More businesses are creating detailed buyer personas to better understand the various bases they appeal to and acting on that insight to tailor experiences that suit them.

The days of one-size-fits-all CX are behind us — companies need to understand who they're reaching and hash out what kinds of experiences those customers will be most receptive to.

Going forward, you'll likely see companies leverage the data they have access to to improve the more immediately personal aspects of their digital customer experiences — particularly when it comes to elements like email outreach and other modes of communication.

3. You'll need to respect customer privacy more than ever.

Ideally, your consumer relationships are rooted in trust and transparency. Your customers are willing to share their data with you — typically on the condition that you use it responsibly and respectfully. That generally entails applying it to provide them with content, offers, and other suggestions that suit their preferences.

Nowadays, that "condition" is a bit more high-stakes.

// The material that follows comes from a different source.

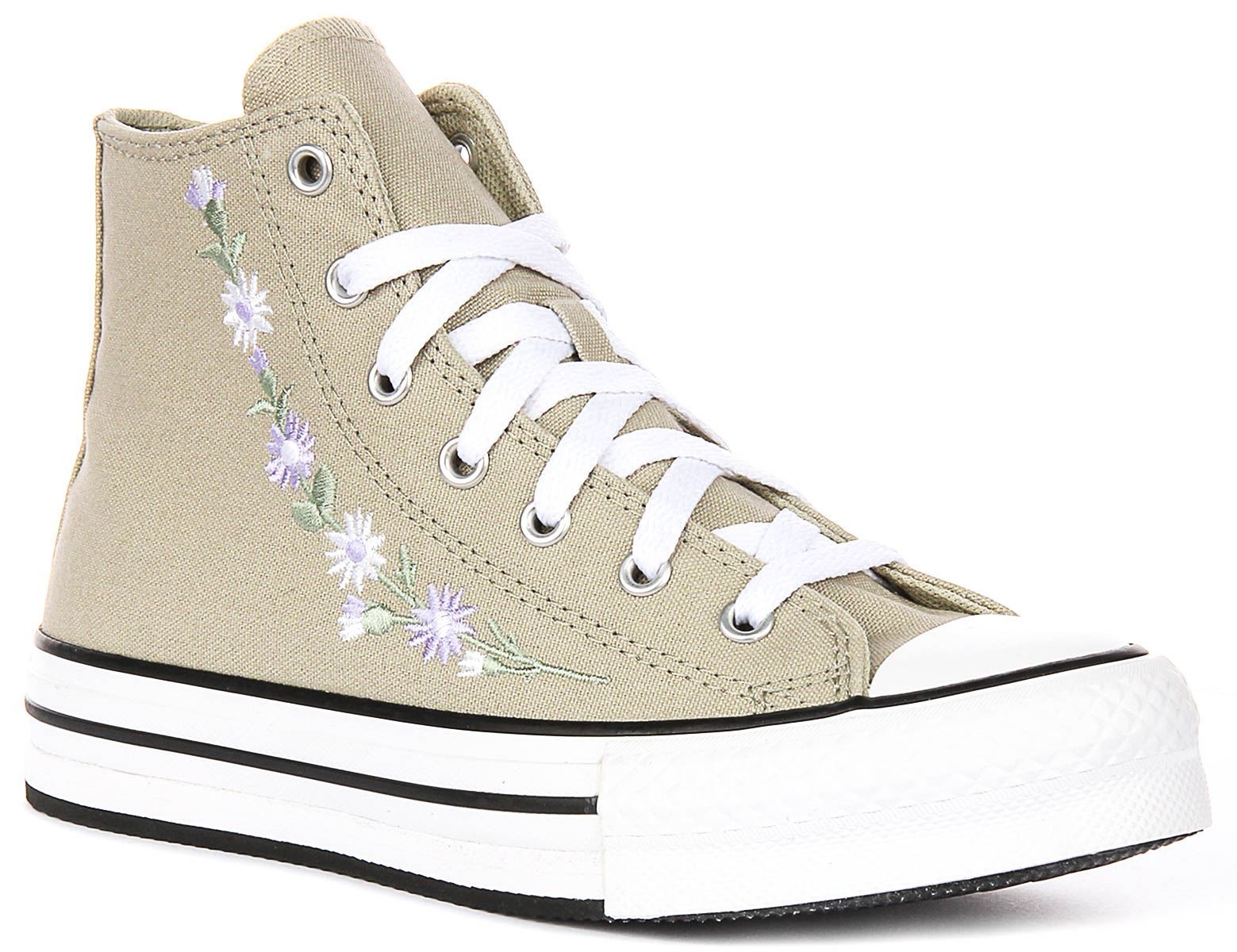 Converse A11825C Ct As Embroidery Junior Girls Trainers In Floral Khaki UK 3 - 6

Undermining that trust and transparency can have real financial, reputational, and legal consequences — and you can't bank on that trend slowing anytime soon.

Regulatory measures like General Data Protection Regulation (GDPR) and the California Consumer Privacy Act (CCPA) are setting new standards for protecting consumer privacy, and the penalties for trying to skirt those laws are far from trivial.

Going forward, businesses will need to be mindful of and open about how they collect data from their customers. And that's important to bear in mind when constructing a digital customer experience. Make sure the CX infrastructure you put in place is in keeping with these regulations, and be prepared to adjust it should the goalposts move again.

4. Incorporating AR into your experience could be a big

help.

Businesses can gain a lot from creative applications of new technology — a principle that holds true when it comes to improving digital customer experiences.

Incorporating recent innovations is an often-effective way to shake up your CX and provide your customers with assistance in ways they might have never thought of.

One emerging tech that fits that bill is augmented reality (AR). It allows customers to overlay digital visualizations to their actual surroundings — a function that could prove particularly useful to businesses selling physical products, providing customers with a picture of how a product would fit into their lives.

For instance, IKEA started using AR to show customers how pieces of furniture will look in their homes in 2014.

Obviously, AR won't be a fit for every business, but it's still an excellent avenue for certain companies to add a fresh, dynamic element to their digital customer experiences. Expect to see more of it, from here on out.

The quality of your digital customer experience can make or break the effectiveness of your online presence. If there's any single principle that underscores every point in this article, it's this — make things easier for your customers. A good digital CX is seamless and simple.

You want to keep customers' virtual engagements with your business as straightforward as possible. Do everything you can to reduce friction and, in turn, ease frustration.

If you keep that in mind and consider as many angles and touchpoints as you can, you'll be in an excellent position to construct an appealing digital customer experience that delivers the results you're looking for.